-- Problem statement --
Copy the listing below in full and skip every picture.

========================

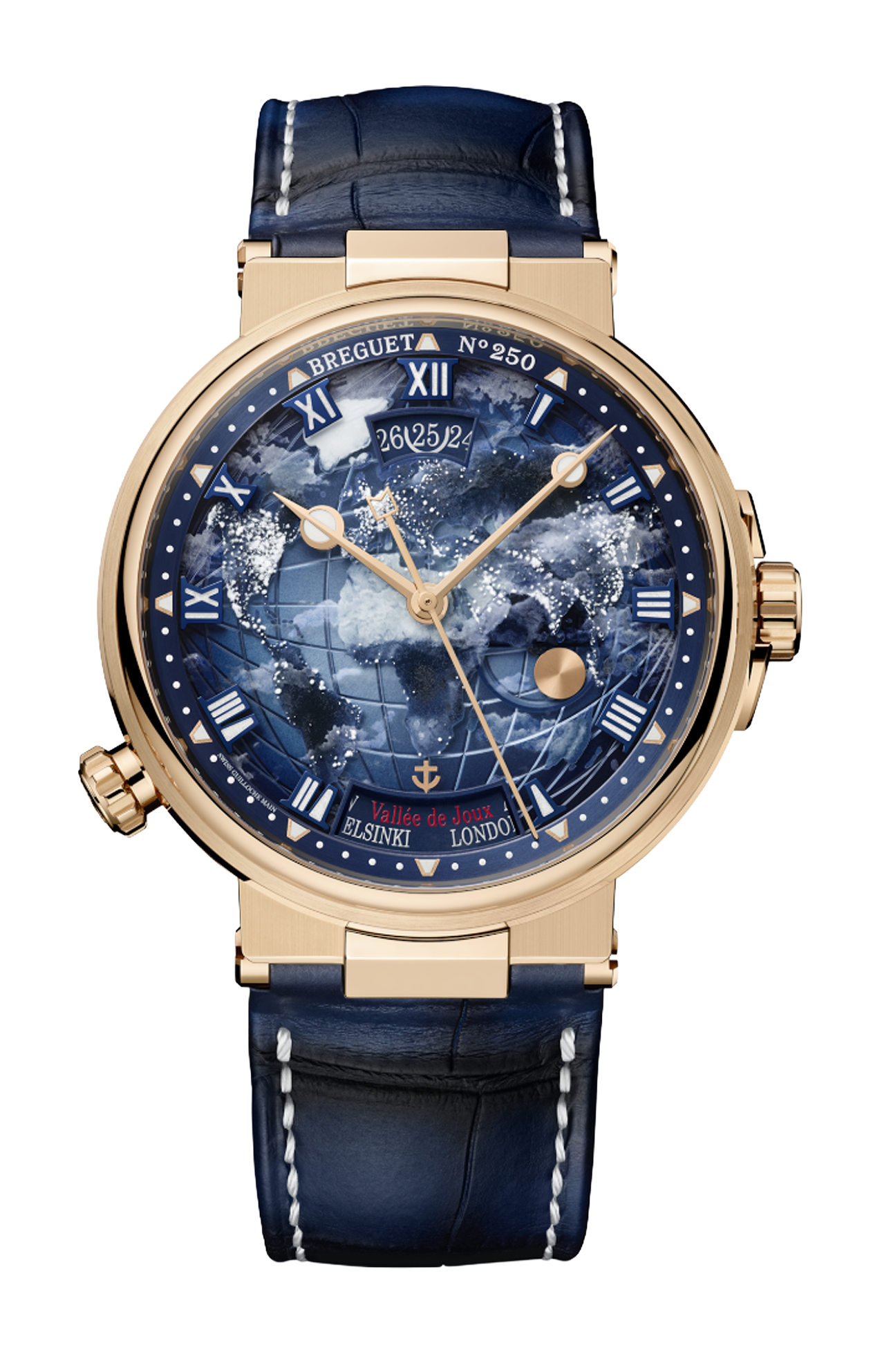 Il Breguet Marine Hora Mundi 5555BH/YS/9WV è un segnatempo di alta orologeria dedicato ai viaggiatori esigenti e agli amanti delle complicazioni sofisticate, che unisce precisione tecnica, eleganza sportiva e un’estetica contemporanea. La cassa rotonda in oro Breguet 18 K da 43,9 mm, caratterizzata da finiture satinate e lucidate, offre una presenza di grande impatto al polso pur mantenendo comfort e leggibilità, mentre la lunetta spazzolata e le anse scolpite aggiungono carattere dinamico. Il quadrante presenta una mappa del mondo incisa con dettagli raffinati e sono integrate le indicazioni del doppio fuso orario, giorno/notte e città di riferimento: strumenti perfetti per chi viaggia frequentemente e desidera una rapida lettura delle informazioni globali. La complicazione Hora Mundi consente di impostare istantaneamente l’ora locale nella città desiderata senza interferire con l’ora di riferimento, grazie a un meccanismo innovativo che rende intuitiva la gestione di più fusi orari. Lancette, indici e dettagli in oro bianco garantiscono ottima leggibilità e contrasto con lo sfondo, mentre il vetro zaffiro antigraffio con trattamento antiriflesso assicura visibilità ottimale da ogni angolo. All’interno pulsa un movimento automatico di manifattura con finiture di livello eccelso, visibile attraverso il fondello in vetro zaffiro, che combina affidabilità, precisione e una riserva di carica generosa. Il cinturino in pelle di alligatore integrato con fibbia déployante in oro bianco completa il design con comfort ergonomico e stile contemporaneo. Il Marine Hora Mundi 5555BH/YS/9WV è pensato per chi desidera un orologio tecnico e cosmopolita, capace di accompagnare con eleganza i propri viaggi in tutto il mondo, con una fusione perfetta tra complicazioni orologiere e sofisticata estetica marina.
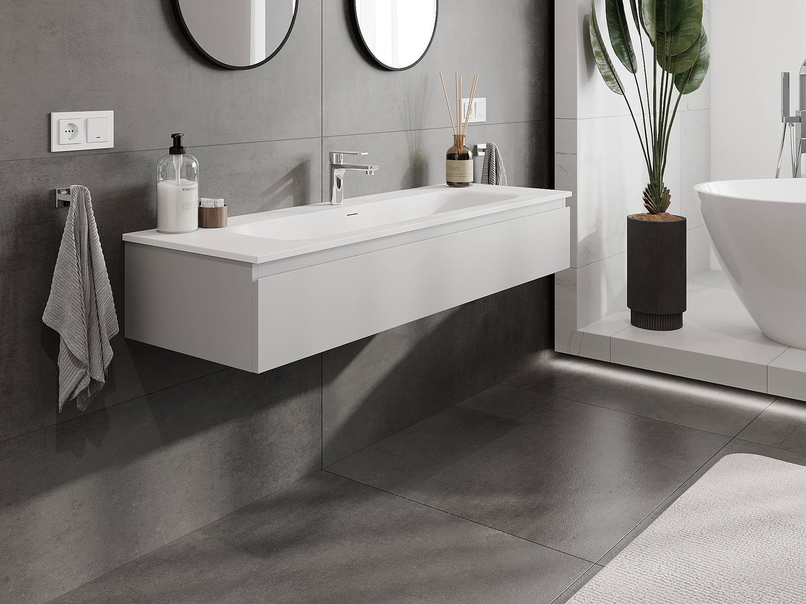 Mexen Orio meuble de salle de bain 140 cm avec lavabo Vela, 1 tiroir, gris mat/blanc mat - 91A10-14023-1-BF62-W23M01
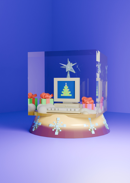 Новогодний куб выполнен из стеклянной оболочки и пластиковой подставки
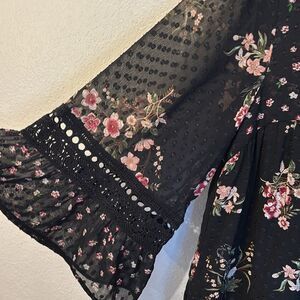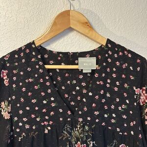 Black floral bell sleeve blouse from Maeve for Anthropologie. Size medium.
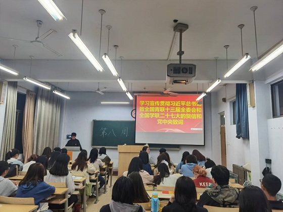 会议开始,王培向员工宣传贯彻习近平总书记致全国青联十三届全委会和全国学联二十七大的贺信和党中央致词,在同学们对致词有了了解后,王培便鼓励同学们要大力弘扬中华民族勤俭节约的优良传统,大力宣传节约光荣、浪费可耻的思想观念。此外,王培强调了考研的重要性,为大家讲解了备考的几种方法,在此基础上引出了读书的重要性,并提到日后会定期举办读书交流会,检验大家的读书成果,赢得了同学们的一致好评!会议最后,王培对会议做出总结,引起了同学们的热烈反响。
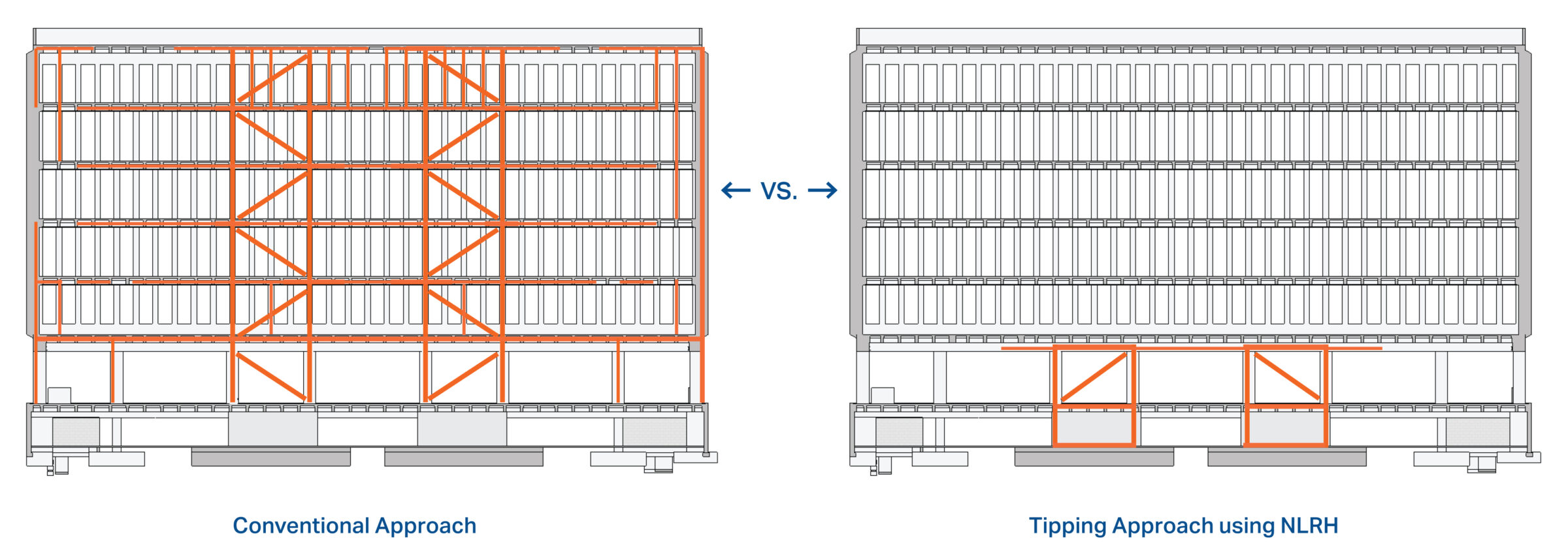 The previous retrofit scheme, which we presume was based on a linear analysis, utilized an extensive amount of Fiber-Reinforced Polymer wrapping throughout the interior of the building as well as multiple new full-height steel frames. An alternate solution that would be less disruptive, avoid tenant displacement, provide significant cost savings, and mitigate impacts to the building space plan, window placement, and views was a compelling prospect.
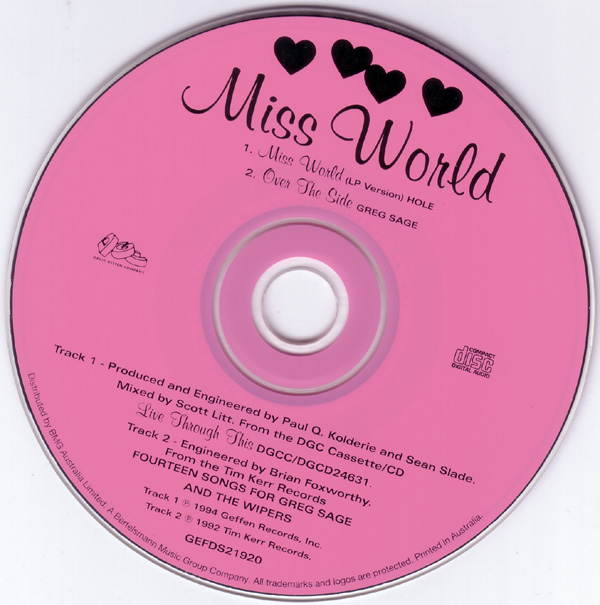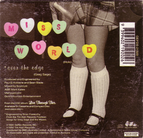 - - - - - - - - - - - - - GENERAL INFO Genre: Label: Geffen Date: 1994 coming soon - - - - - - - - - - - - - RELEASED ON GEFFEN: Format: CD - single Length: ? Country of origin: Australia Release date: 1994 Item number: GEFDS21920 Additional info: While track 2 is listed as "Over The Edge" on the back, it's listed as "Over The Side" on the disc itself. Track 2 is a The Wipers cover, from the Tim Kerr Records "Fourteen Songs For Greg Sage And The Wipers". Tracklist: 1. Miss World (Album version) 2. Over The Edge Pictures: - - - - - - - - - - - - - |
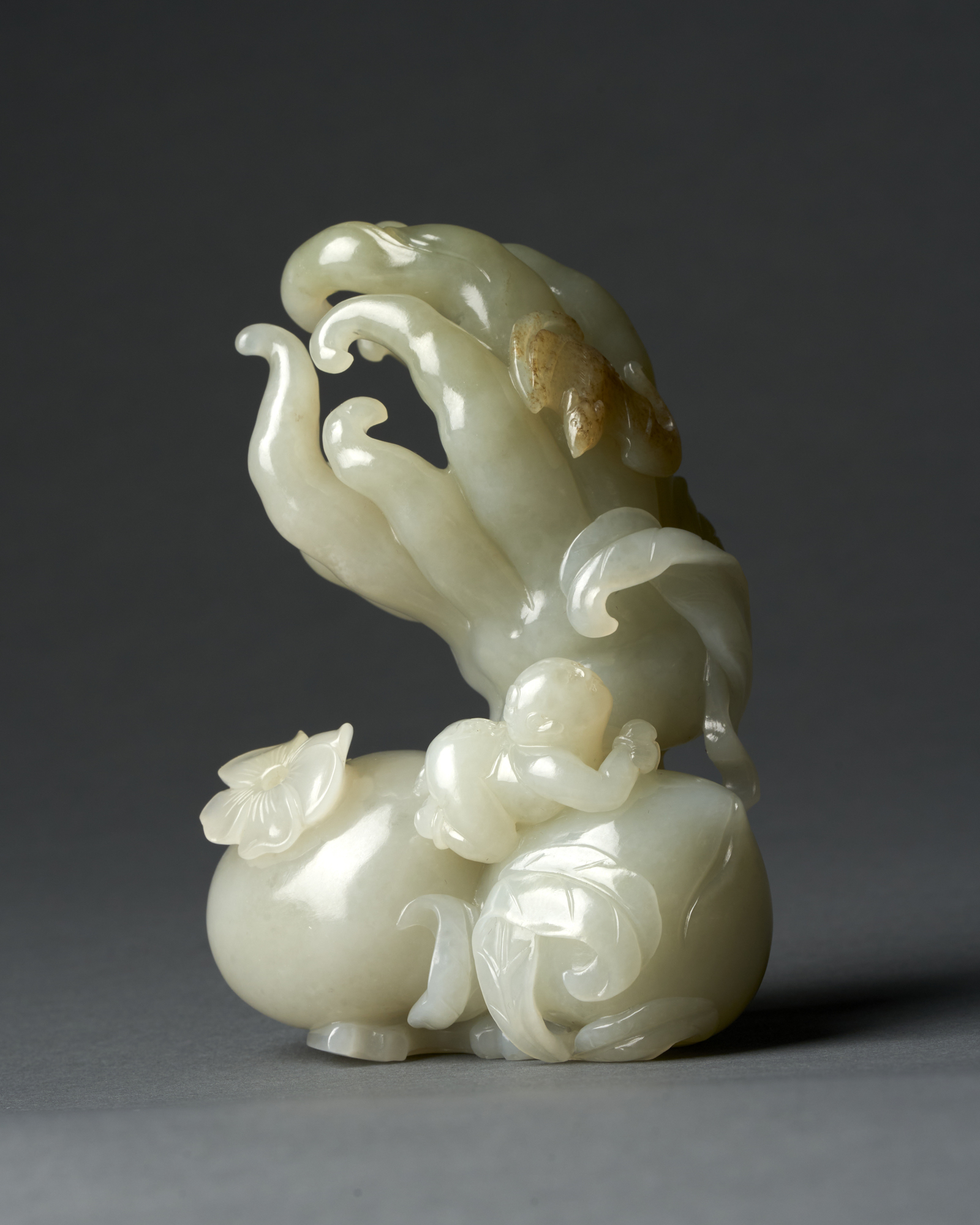 Finely carved with a Buddha's hand citron and a bat, alongside a pomegranate and a peach, with a small boy playfully resting atop the fruits.
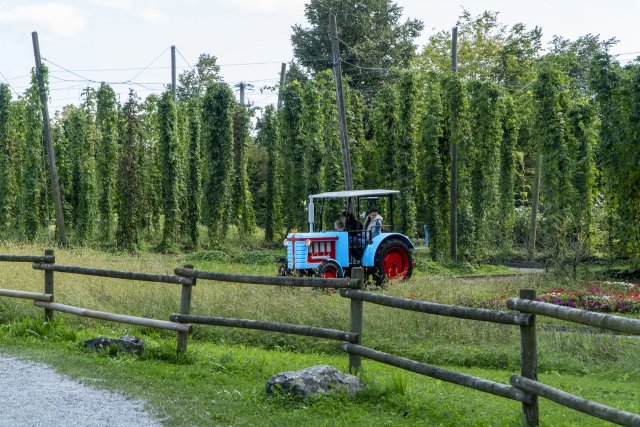 Hier dreht sich - wie unschwer zu erkennen ist - alles um das Thema Landwirtschaft und Bauernhof. Vorbei am Tierkarussell wird der Weg von einigen bunten Scheunen gesäumt. Eine davon beherbergt die Gaststätte Grüne Oase, eine zweite den Biergarten. Auch der Wartebereich der oben zu sehenden Traktorfahrt zwischen diversen echten Feldern mit Mais, Kartoffeln, Hopfen und mehr befindet sich nebst einem Dorfladen natürlich in einer Scheune. Gegenüber wurden die echten Ponys 2010 durch eine elektrische Ponyreitbahn ersetzt. Bei der 2022 neu eingerichteten OMIRA-Milchscheune steckt die Behausung sogar schon im Namen. Dort können sich die Besucher unter anderem am Kühemelken versuchen, oder auch eine Boulderwand erklimmen. Besonders cool fand ich die John Deere Agrar-Erlebniswelt, bei der die Kleinen mit Trettraktoren umherfahren, verschiedene Güter laden und sogar einen echten John-Deere-Traktor erkunden können. Der grün-gelbe Landmaschinenhersteller löste 2023 die deutsche Marke Claas als Sponsor des Spielparcours ab - inklusive neuer Trettraktoren im entsprechenden Design. Ebenfalls erneuert wurde 2022 die Parkeisenbahn, welche das Spieleland von der Grünen Oase aus mit einer zweiten Station in Käpt'n Blaubärs Wunderland einmal umrundet. Die formschöne Schwäbische Eisenbahn wurde in den Ruhestand versetzt und kann nur noch als Standmodell neben den Gleisen bewundert werden. Der neue BRIO Express kommt mit neuester Technik (sprich, Elektroantrieb) daher, das Design ist einem (aus meiner Sicht leider) modernen Reisezug des namensgebenden Holzeisenbahnherstellers aus Schweden nachempfunden, den Ravensburger 2015 übernommen hatte.

========================

-- Reply to the exercise --
 Il Breguet Marine Hora Mundi 5555BH/YS/9WV è un segnatempo di alta orologeria dedicato ai viaggiatori esigenti e agli amanti delle complicazioni sofisticate, che unisce precisione tecnica, eleganza sportiva e un’estetica contemporanea. La cassa rotonda in oro Breguet 18 K da 43,9 mm, caratterizzata da finiture satinate e lucidate, offre una presenza di grande impatto al polso pur mantenendo comfort e leggibilità, mentre la lunetta spazzolata e le anse scolpite aggiungono carattere dinamico. Il quadrante presenta una mappa del mondo incisa con dettagli raffinati e sono integrate le indicazioni del doppio fuso orario, giorno/notte e città di riferimento: strumenti perfetti per chi viaggia frequentemente e desidera una rapida lettura delle informazioni globali. La complicazione Hora Mundi consente di impostare istantaneamente l’ora locale nella città desiderata senza interferire con l’ora di riferimento, grazie a un meccanismo innovativo che rende intuitiva la gestione di più fusi orari. Lancette, indici e dettagli in oro bianco garantiscono ottima leggibilità e contrasto con lo sfondo, mentre il vetro zaffiro antigraffio con trattamento antiriflesso assicura visibilità ottimale da ogni angolo. All’interno pulsa un movimento automatico di manifattura con finiture di livello eccelso, visibile attraverso il fondello in vetro zaffiro, che combina affidabilità, precisione e una riserva di carica generosa. Il cinturino in pelle di alligatore integrato con fibbia déployante in oro bianco completa il design con comfort ergonomico e stile contemporaneo. Il Marine Hora Mundi 5555BH/YS/9WV è pensato per chi desidera un orologio tecnico e cosmopolita, capace di accompagnare con eleganza i propri viaggi in tutto il mondo, con una fusione perfetta tra complicazioni orologiere e sofisticata estetica marina.
 Mexen Orio meuble de salle de bain 140 cm avec lavabo Vela, 1 tiroir, gris mat/blanc mat - 91A10-14023-1-BF62-W23M01
 Новогодний куб выполнен из стеклянной оболочки и пластиковой подставки
 Black floral bell sleeve blouse from Maeve for Anthropologie. Size medium.
 会议开始,王培向员工宣传贯彻习近平总书记致全国青联十三届全委会和全国学联二十七大的贺信和党中央致词,在同学们对致词有了了解后,王培便鼓励同学们要大力弘扬中华民族勤俭节约的优良传统,大力宣传节约光荣、浪费可耻的思想观念。此外,王培强调了考研的重要性,为大家讲解了备考的几种方法,在此基础上引出了读书的重要性,并提到日后会定期举办读书交流会,检验大家的读书成果,赢得了同学们的一致好评!会议最后,王培对会议做出总结,引起了同学们的热烈反响。
 The previous retrofit scheme, which we presume was based on a linear analysis, utilized an extensive amount of Fiber-Reinforced Polymer wrapping throughout the interior of the building as well as multiple new full-height steel frames. An alternate solution that would be less disruptive, avoid tenant displacement, provide significant cost savings, and mitigate impacts to the building space plan, window placement, and views was a compelling prospect.
 - - - - - - - - - - - - - GENERAL INFO Genre: Label: Geffen Date: 1994 coming soon - - - - - - - - - - - - - RELEASED ON GEFFEN: Format: CD - single Length: ? Country of origin: Australia Release date: 1994 Item number: GEFDS21920 Additional info: While track 2 is listed as "Over The Edge" on the back, it's listed as "Over The Side" on the disc itself. Track 2 is a The Wipers cover, from the Tim Kerr Records "Fourteen Songs For Greg Sage And The Wipers". Tracklist: 1. Miss World (Album version) 2. Over The Edge Pictures: - - - - - - - - - - - - - |
 Finely carved with a Buddha's hand citron and a bat, alongside a pomegranate and a peach, with a small boy playfully resting atop the fruits.
 Hier dreht sich - wie unschwer zu erkennen ist - alles um das Thema Landwirtschaft und Bauernhof. Vorbei am Tierkarussell wird der Weg von einigen bunten Scheunen gesäumt. Eine davon beherbergt die Gaststätte Grüne Oase, eine zweite den Biergarten. Auch der Wartebereich der oben zu sehenden Traktorfahrt zwischen diversen echten Feldern mit Mais, Kartoffeln, Hopfen und mehr befindet sich nebst einem Dorfladen natürlich in einer Scheune. Gegenüber wurden die echten Ponys 2010 durch eine elektrische Ponyreitbahn ersetzt. Bei der 2022 neu eingerichteten OMIRA-Milchscheune steckt die Behausung sogar schon im Namen. Dort können sich die Besucher unter anderem am Kühemelken versuchen, oder auch eine Boulderwand erklimmen. Besonders cool fand ich die John Deere Agrar-Erlebniswelt, bei der die Kleinen mit Trettraktoren umherfahren, verschiedene Güter laden und sogar einen echten John-Deere-Traktor erkunden können. Der grün-gelbe Landmaschinenhersteller löste 2023 die deutsche Marke Claas als Sponsor des Spielparcours ab - inklusive neuer Trettraktoren im entsprechenden Design. Ebenfalls erneuert wurde 2022 die Parkeisenbahn, welche das Spieleland von der Grünen Oase aus mit einer zweiten Station in Käpt'n Blaubärs Wunderland einmal umrundet. Die formschöne Schwäbische Eisenbahn wurde in den Ruhestand versetzt und kann nur noch als Standmodell neben den Gleisen bewundert werden. Der neue BRIO Express kommt mit neuester Technik (sprich, Elektroantrieb) daher, das Design ist einem (aus meiner Sicht leider) modernen Reisezug des namensgebenden Holzeisenbahnherstellers aus Schweden nachempfunden, den Ravensburger 2015 übernommen hatte.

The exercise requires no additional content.